DLF pushes ahead with REIT listing plans

SuncapitalCountry’s largest real estate firm by market capitalisation is gearing up to launch REITs worth up Rs6,000 crore in two tranches over the next two years

DLF is currently putting together commercial office assets totalling around 25 million square feet of land into the REITs portfolio
Mumbai: Pushing a step closer to launching India’s first Real Estate Investment Trust (REIT), real estate firm DLF Ltd expects to complete forming a special purpose vehicle (SPV) within the next six months, said a top company executive of the Delhi-based company.
“We would be ready with the SPV in the next six months. As we announced earlier, we have signed non-disclosure agreements with 25 global investors. We should be the first one to crack it (REITs),” Rajeev Talwar, chief executive officer (CEO), DLF Ltd, told Mint over the phone.
Country’s largest real estate firm by market capitalisation is gearing up to launch REITs worth up Rs.6,000 crore in two tranches over the next two years.
REITs are listed entities that primarily invest in leased office and retail assets, allowing developers to raise funds by selling completed buildings to investors and listing them on stock exchanges as trust. Investors earn return on investment either through value appreciation or rental income generated from commercial assets.
REITs will also give overseas investors a chance to invest in lease rental generating assets, an asset class otherwise prohibited for foreigners.
DLF is currently putting together commercial office assets totalling around 25 million square feet of land into the REITs portfolio. As part of the process, promoters of DLF have decided to sell around 40% of its stake in DLF Cyber City Developers Ltd (DCCDL), a rental arm of the company to institutional investors. DCCDL earns around Rs.2,200 crore a year from rentals.
“Basically what is going on right now is divestment (of commercial portfolios) and to get foreign investors into the REIT portfolio. They have to come in the fair market valuation. In the first two quarters of the year, we would have brought all the funds and complete with our first stage which is to form an SPV,” Talwar said.

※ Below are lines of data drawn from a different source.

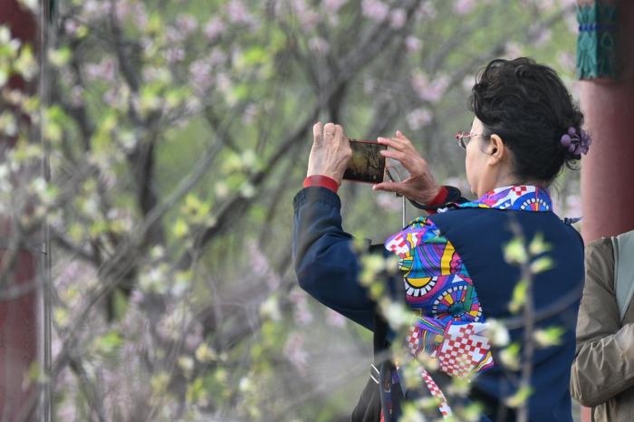 3月27日,一名游客在北京颐和园内轻嗅芬芳。
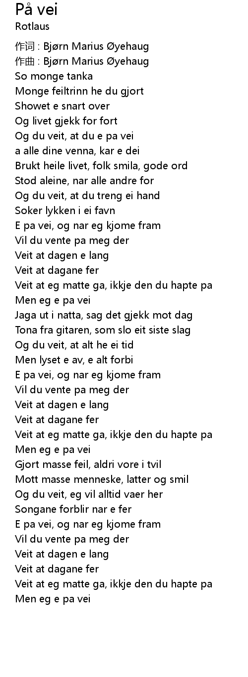 | Veit at eg matte ga, ikkje den du hapte pa | |
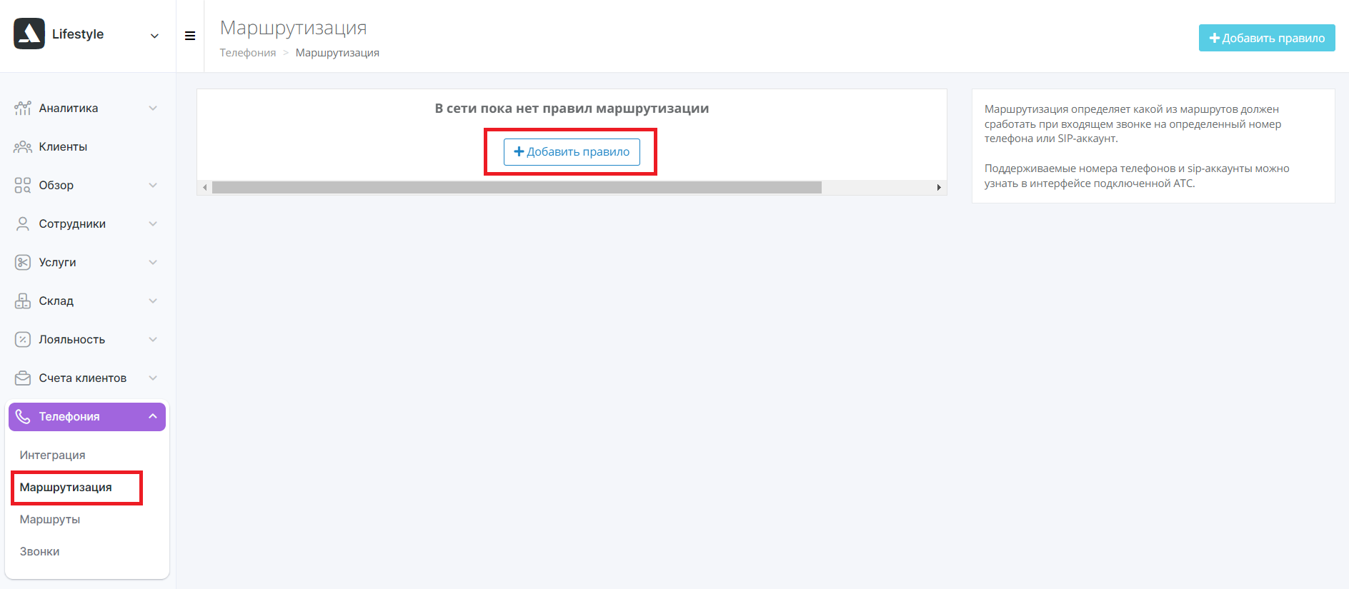 9. После настройки маршрута свяжите его с номером телефона / идентификатором абонента телефонии, на который должны поступать звонки. Для этого перейдите в раздел «Маршрутизация». Вы увидите сообщение: «В сети пока нет правил маршрутизации». Нажмите на кнопку «Добавить правило».
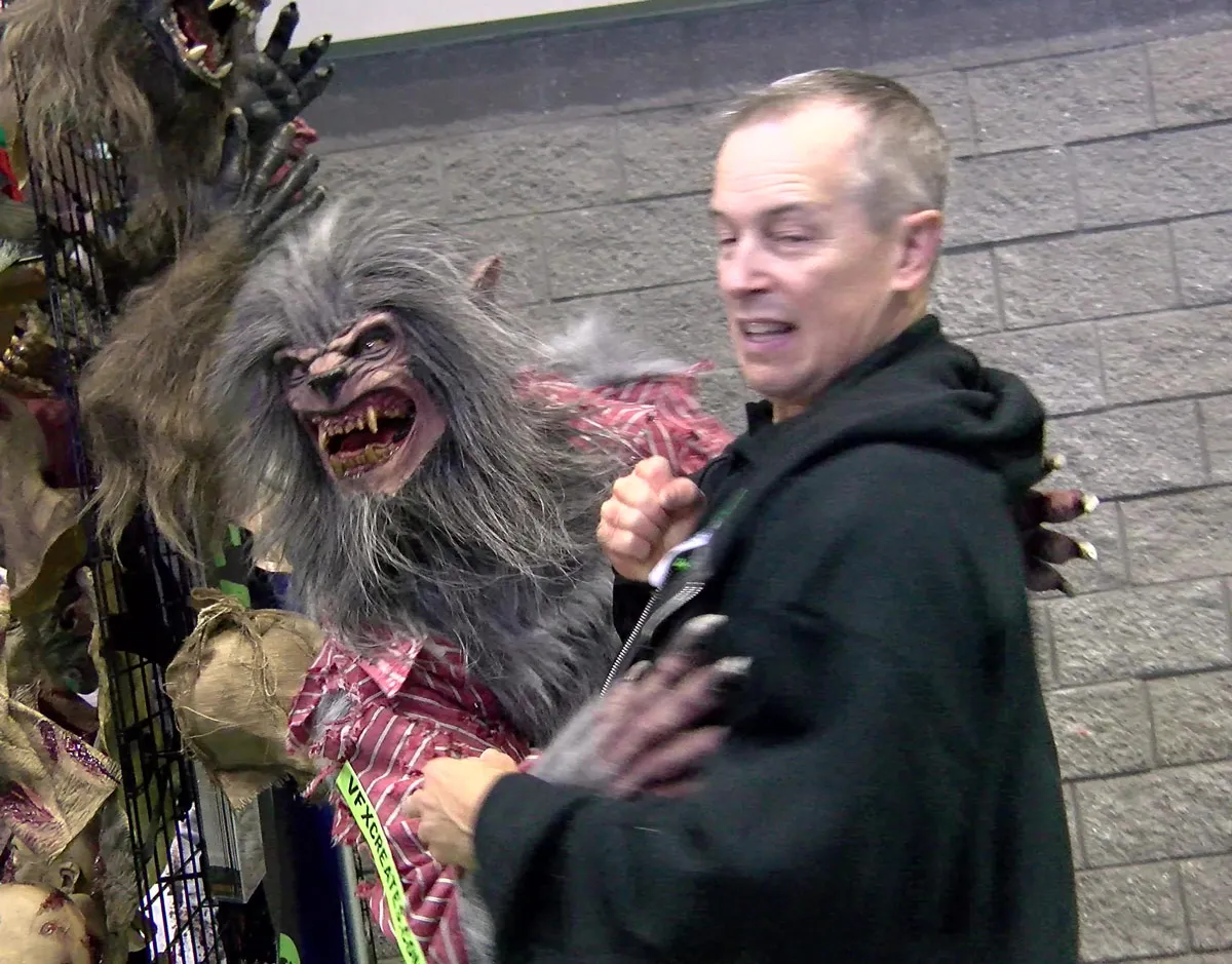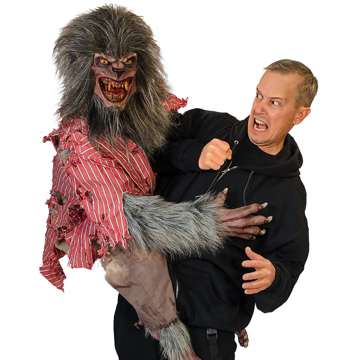 Diabolus the devil puppet is dressed in a dark priest costume with red trim. He is highly detailed with red, gripping hands, devilish hooves for feet and fur legs. Diabolus the demon puppet fits perfectly in a Halloween haunt attraction or wandering the streets entertaining and scaring up more business! This demon or devil puppet comes with all the amazing features as our Attack Line Puppets including a 2XL hoodie/harness that his hands attach to for that just grabbed you look.
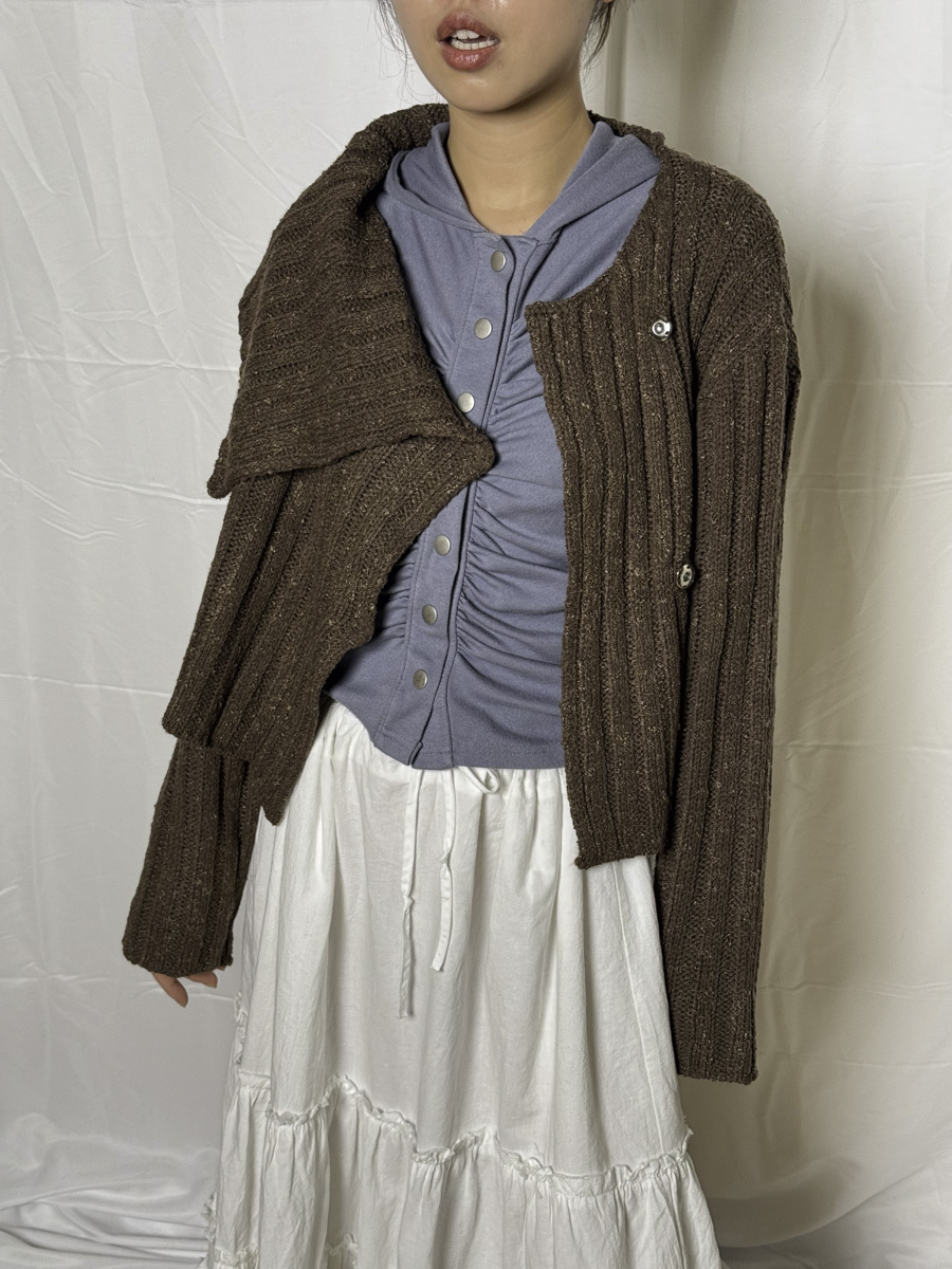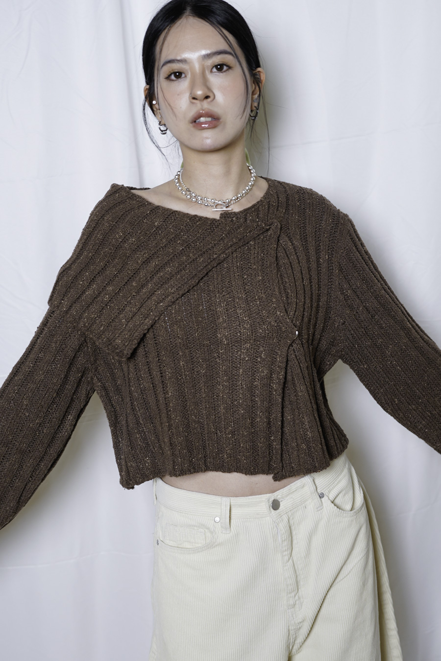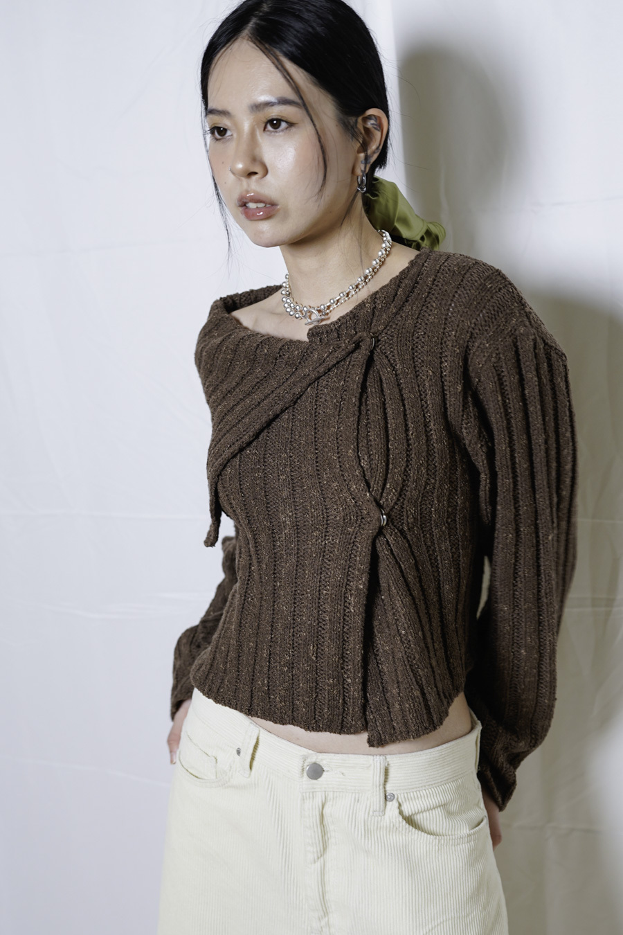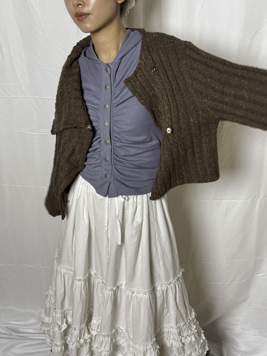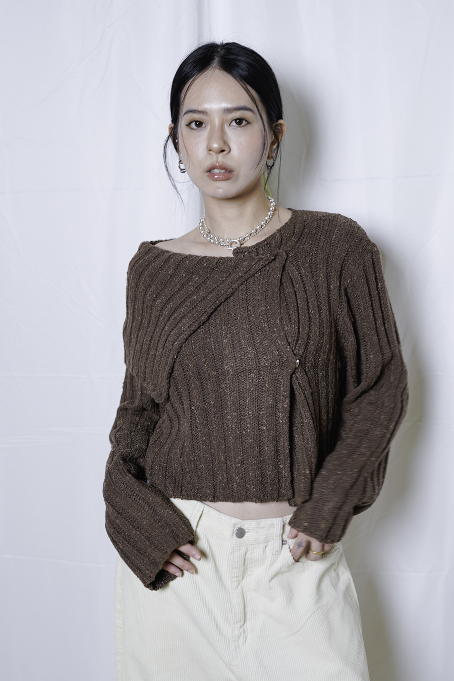兩邊不規則鈕扣 露出腰線 型格時尚/
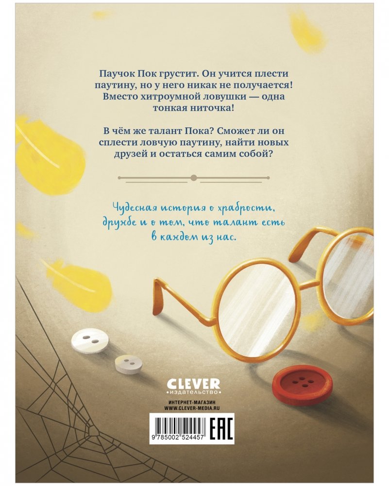 Маленький паучок Пок живет в антикварной лавке. Он учится плести паутину, но у него никак не получается. Вместо хитроумной ловушки — одна тонкая ниточка. Папа Пока расстраивается. Однажды Пок встречает своего сверстника паучка Спина, который зло подшучивает над его паутиной. Но все меняется. И оказывается, что у Пока есть настоящий талант! Сможет ли он сплести ловчую паутину, найти новых друзей и остаться самим собой?
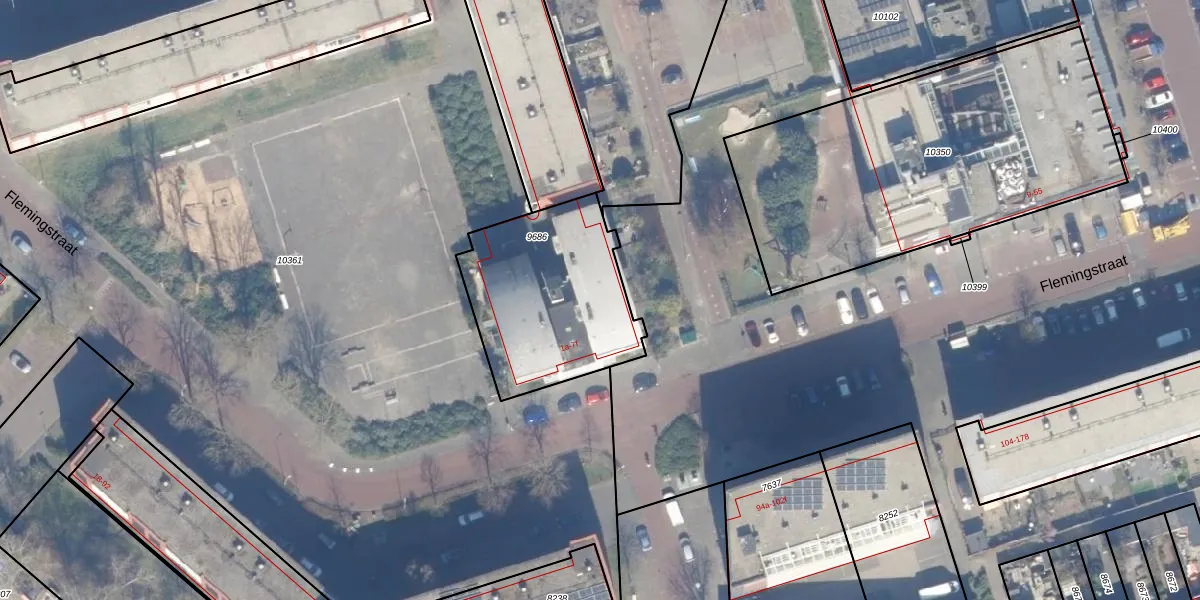 Het perceel waarop Flemingstraat 7-c staat heeft een oppervlakte van 727 m². Dit is een groot perceel. De perceeloppervlakte wordt geregistreerd door het Kadaster. Gedetailleerde informatie over de maten van dit perceel kunt u vinden in het rapport Kadastrale kaart met maatvoering van Flemingstraat 7-c.
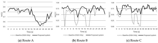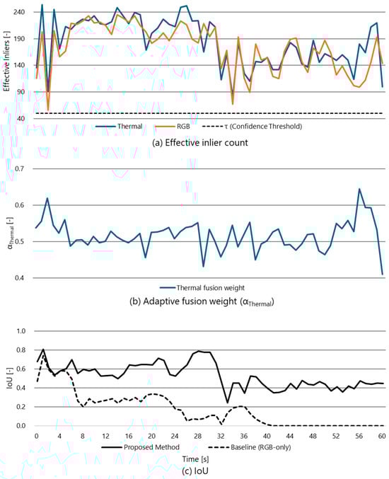 In addition to system-level research, fundamental performance evaluations of thermal features have also been conducted. Johansson et al. [39] and Mouats et al. [40] conducted comprehensive benchmarks of feature point detectors and descriptors for thermal images. According to their evaluations, it is reported that combinations of Oriented FAST and Rotated BRIEF (ORB) and Fast Retina Keypoint (FREAK) or Binary Robust Invariant Scalable Keypoints (BRISK), or combinations of Speeded Up Robust Features (SURF) and FREAK, show relatively good performance. However, they also concluded that matching using visible light images was still superior under conditions with good visibility and sufficient texture. This suggests that while thermal features are robust against illumination changes, they have lower discriminative power compared to RGB features under standard environments, supporting the view that thermal images should not simply replace RGB but adaptively complement it.

The listing of REITs, which many believe would bring stability and attract funds to the sector, has not been able to take off mainly due to tax hurdles.
Finance minister Arun Jaitley in the Union budget on Monday proposed to exempt REITs from the purview of dividend distribution tax (DDT), removing a significant hurdle to floating it in India.
“Exemption of DDT on REIT along with the FDI (foreign direct investment) policy changes in December last year will help get huge inflows from foreign institutional investors. For foreign institutional investors, the taxation was making it a lower return product for them. Now this (exemption) increases return and thereby attract more inflow of funds,” he said.
Anuj Puri, chairman and country head of JLL India, said with the proposal to remove DDT, REITs would become a realty soon with few listings likely to happen this year either by financial institutions or developers.
“Currently, around 229 million sq. ft of office space can be seen as REIT-compliant. If we assume that even 50% of these get listed, we are looking at a total REITs listing worth $18.5 billion,” Puri said.